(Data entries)
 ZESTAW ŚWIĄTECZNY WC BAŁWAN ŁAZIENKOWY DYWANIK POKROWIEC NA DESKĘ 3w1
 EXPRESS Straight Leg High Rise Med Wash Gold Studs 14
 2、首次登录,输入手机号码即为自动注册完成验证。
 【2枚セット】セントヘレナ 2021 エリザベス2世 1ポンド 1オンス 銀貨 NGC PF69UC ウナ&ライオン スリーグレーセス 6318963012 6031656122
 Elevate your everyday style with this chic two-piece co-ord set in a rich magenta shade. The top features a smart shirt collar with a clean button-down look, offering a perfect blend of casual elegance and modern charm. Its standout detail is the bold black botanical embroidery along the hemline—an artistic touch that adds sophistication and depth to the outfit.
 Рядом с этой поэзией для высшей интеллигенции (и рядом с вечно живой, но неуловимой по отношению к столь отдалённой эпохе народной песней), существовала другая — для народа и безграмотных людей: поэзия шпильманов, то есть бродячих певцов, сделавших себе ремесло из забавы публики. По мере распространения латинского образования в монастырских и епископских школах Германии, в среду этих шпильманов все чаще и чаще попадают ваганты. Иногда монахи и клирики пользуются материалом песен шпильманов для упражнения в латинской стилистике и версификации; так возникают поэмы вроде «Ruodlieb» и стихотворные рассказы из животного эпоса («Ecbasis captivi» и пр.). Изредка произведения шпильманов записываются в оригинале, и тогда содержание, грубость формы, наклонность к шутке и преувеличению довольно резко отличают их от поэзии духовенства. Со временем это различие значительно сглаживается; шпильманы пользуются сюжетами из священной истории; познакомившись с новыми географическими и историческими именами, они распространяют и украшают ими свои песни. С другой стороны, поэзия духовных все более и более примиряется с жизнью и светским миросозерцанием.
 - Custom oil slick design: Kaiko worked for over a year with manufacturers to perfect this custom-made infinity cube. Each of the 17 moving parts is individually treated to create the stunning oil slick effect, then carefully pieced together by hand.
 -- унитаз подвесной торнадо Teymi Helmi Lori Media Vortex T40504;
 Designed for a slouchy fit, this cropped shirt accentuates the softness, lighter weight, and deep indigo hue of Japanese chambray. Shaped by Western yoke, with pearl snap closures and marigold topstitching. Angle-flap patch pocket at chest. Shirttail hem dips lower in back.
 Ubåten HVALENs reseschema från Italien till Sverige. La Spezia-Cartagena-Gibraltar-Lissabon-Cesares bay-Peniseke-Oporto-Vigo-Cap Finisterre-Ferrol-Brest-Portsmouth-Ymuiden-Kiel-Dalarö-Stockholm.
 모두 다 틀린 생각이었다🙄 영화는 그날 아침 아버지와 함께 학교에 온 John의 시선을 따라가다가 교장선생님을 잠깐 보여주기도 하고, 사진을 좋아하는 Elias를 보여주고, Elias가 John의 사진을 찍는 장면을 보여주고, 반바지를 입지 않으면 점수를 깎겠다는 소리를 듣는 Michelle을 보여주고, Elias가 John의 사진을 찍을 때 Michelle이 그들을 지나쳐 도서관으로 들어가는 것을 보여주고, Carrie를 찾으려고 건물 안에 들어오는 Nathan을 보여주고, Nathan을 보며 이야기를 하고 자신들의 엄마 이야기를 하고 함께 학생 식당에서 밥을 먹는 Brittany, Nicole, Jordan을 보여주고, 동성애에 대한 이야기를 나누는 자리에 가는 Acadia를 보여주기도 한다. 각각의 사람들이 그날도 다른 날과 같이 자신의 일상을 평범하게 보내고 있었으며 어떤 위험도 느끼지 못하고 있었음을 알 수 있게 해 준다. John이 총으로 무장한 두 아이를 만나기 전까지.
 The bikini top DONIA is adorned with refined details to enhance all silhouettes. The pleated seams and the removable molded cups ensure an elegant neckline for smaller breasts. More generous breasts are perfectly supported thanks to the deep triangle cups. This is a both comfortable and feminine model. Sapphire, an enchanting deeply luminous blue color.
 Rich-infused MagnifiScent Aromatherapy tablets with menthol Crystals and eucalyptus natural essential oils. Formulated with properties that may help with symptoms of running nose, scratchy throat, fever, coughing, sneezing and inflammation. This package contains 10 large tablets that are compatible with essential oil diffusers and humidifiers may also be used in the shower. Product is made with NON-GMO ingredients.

• [Required work] Give back all the records above exactly. Keep every word.

• [Final answer]
 ZESTAW ŚWIĄTECZNY WC BAŁWAN ŁAZIENKOWY DYWANIK POKROWIEC NA DESKĘ 3w1
 EXPRESS Straight Leg High Rise Med Wash Gold Studs 14
 2、首次登录,输入手机号码即为自动注册完成验证。
 【2枚セット】セントヘレナ 2021 エリザベス2世 1ポンド 1オンス 銀貨 NGC PF69UC ウナ&ライオン スリーグレーセス 6318963012 6031656122
 Elevate your everyday style with this chic two-piece co-ord set in a rich magenta shade. The top features a smart shirt collar with a clean button-down look, offering a perfect blend of casual elegance and modern charm. Its standout detail is the bold black botanical embroidery along the hemline—an artistic touch that adds sophistication and depth to the outfit.
 Рядом с этой поэзией для высшей интеллигенции (и рядом с вечно живой, но неуловимой по отношению к столь отдалённой эпохе народной песней), существовала другая — для народа и безграмотных людей: поэзия шпильманов, то есть бродячих певцов, сделавших себе ремесло из забавы публики. По мере распространения латинского образования в монастырских и епископских школах Германии, в среду этих шпильманов все чаще и чаще попадают ваганты. Иногда монахи и клирики пользуются материалом песен шпильманов для упражнения в латинской стилистике и версификации; так возникают поэмы вроде «Ruodlieb» и стихотворные рассказы из животного эпоса («Ecbasis captivi» и пр.). Изредка произведения шпильманов записываются в оригинале, и тогда содержание, грубость формы, наклонность к шутке и преувеличению довольно резко отличают их от поэзии духовенства. Со временем это различие значительно сглаживается; шпильманы пользуются сюжетами из священной истории; познакомившись с новыми географическими и историческими именами, они распространяют и украшают ими свои песни. С другой стороны, поэзия духовных все более и более примиряется с жизнью и светским миросозерцанием.
 - Custom oil slick design: Kaiko worked for over a year with manufacturers to perfect this custom-made infinity cube. Each of the 17 moving parts is individually treated to create the stunning oil slick effect, then carefully pieced together by hand.
 -- унитаз подвесной торнадо Teymi Helmi Lori Media Vortex T40504;
 Designed for a slouchy fit, this cropped shirt accentuates the softness, lighter weight, and deep indigo hue of Japanese chambray. Shaped by Western yoke, with pearl snap closures and marigold topstitching. Angle-flap patch pocket at chest. Shirttail hem dips lower in back.
 Ubåten HVALENs reseschema från Italien till Sverige. La Spezia-Cartagena-Gibraltar-Lissabon-Cesares bay-Peniseke-Oporto-Vigo-Cap Finisterre-Ferrol-Brest-Portsmouth-Ymuiden-Kiel-Dalarö-Stockholm.
 모두 다 틀린 생각이었다🙄 영화는 그날 아침 아버지와 함께 학교에 온 John의 시선을 따라가다가 교장선생님을 잠깐 보여주기도 하고, 사진을 좋아하는 Elias를 보여주고, Elias가 John의 사진을 찍는 장면을 보여주고, 반바지를 입지 않으면 점수를 깎겠다는 소리를 듣는 Michelle을 보여주고, Elias가 John의 사진을 찍을 때 Michelle이 그들을 지나쳐 도서관으로 들어가는 것을 보여주고, Carrie를 찾으려고 건물 안에 들어오는 Nathan을 보여주고, Nathan을 보며 이야기를 하고 자신들의 엄마 이야기를 하고 함께 학생 식당에서 밥을 먹는 Brittany, Nicole, Jordan을 보여주고, 동성애에 대한 이야기를 나누는 자리에 가는 Acadia를 보여주기도 한다. 각각의 사람들이 그날도 다른 날과 같이 자신의 일상을 평범하게 보내고 있었으며 어떤 위험도 느끼지 못하고 있었음을 알 수 있게 해 준다. John이 총으로 무장한 두 아이를 만나기 전까지.
 The bikini top DONIA is adorned with refined details to enhance all silhouettes. The pleated seams and the removable molded cups ensure an elegant neckline for smaller breasts. More generous breasts are perfectly supported thanks to the deep triangle cups. This is a both comfortable and feminine model. Sapphire, an enchanting deeply luminous blue color.
 Rich-infused MagnifiScent Aromatherapy tablets with menthol Crystals and eucalyptus natural essential oils. Formulated with properties that may help with symptoms of running nose, scratchy throat, fever, coughing, sneezing and inflammation. This package contains 10 large tablets that are compatible with essential oil diffusers and humidifiers may also be used in the shower. Product is made with NON-GMO ingredients.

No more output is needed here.